TRY IT:
Within the listing that follows, reproduce exactly the lines starting at the line with "경기에 앞서 KIA 김기태 감독과 한화 이용규가 인사를 나누고 있다." and ending at the line with "Original antique Kazak", inclusive, and only those. Pictures are dropped.

TASK INPUT below:

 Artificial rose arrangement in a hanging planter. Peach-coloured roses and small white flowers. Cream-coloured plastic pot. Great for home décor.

End of TASK INPUT.
TASK INPUT below:

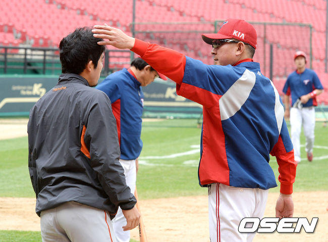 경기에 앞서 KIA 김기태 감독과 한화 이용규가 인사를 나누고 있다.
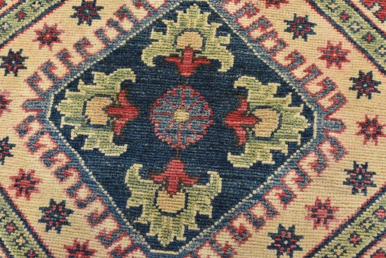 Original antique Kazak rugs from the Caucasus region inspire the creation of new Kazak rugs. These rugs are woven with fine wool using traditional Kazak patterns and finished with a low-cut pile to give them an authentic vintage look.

End of TASK INPUT.
TASK INPUT below:

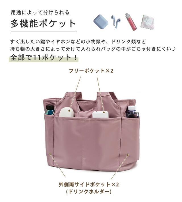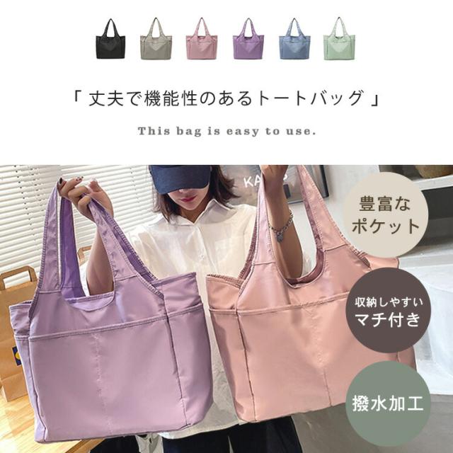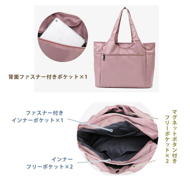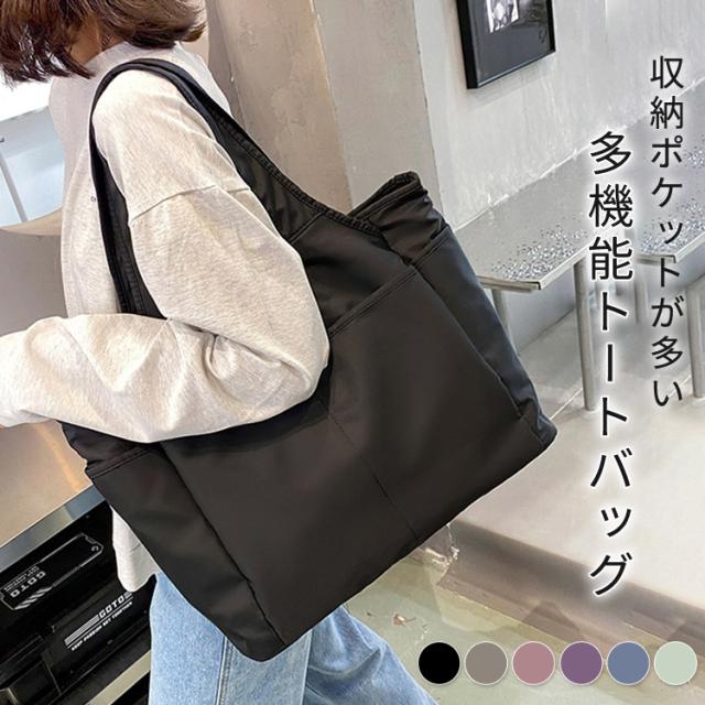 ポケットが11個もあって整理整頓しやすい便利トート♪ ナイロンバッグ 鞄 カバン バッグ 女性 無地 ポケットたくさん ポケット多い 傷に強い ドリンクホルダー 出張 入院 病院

End of TASK INPUT.

SOLUTION FOR THIS EXERCISE:
 경기에 앞서 KIA 김기태 감독과 한화 이용규가 인사를 나누고 있다.
 Original antique Kazak rugs from the Caucasus region inspire the creation of new Kazak rugs. These rugs are woven with fine wool using traditional Kazak patterns and finished with a low-cut pile to give them an authentic vintage look.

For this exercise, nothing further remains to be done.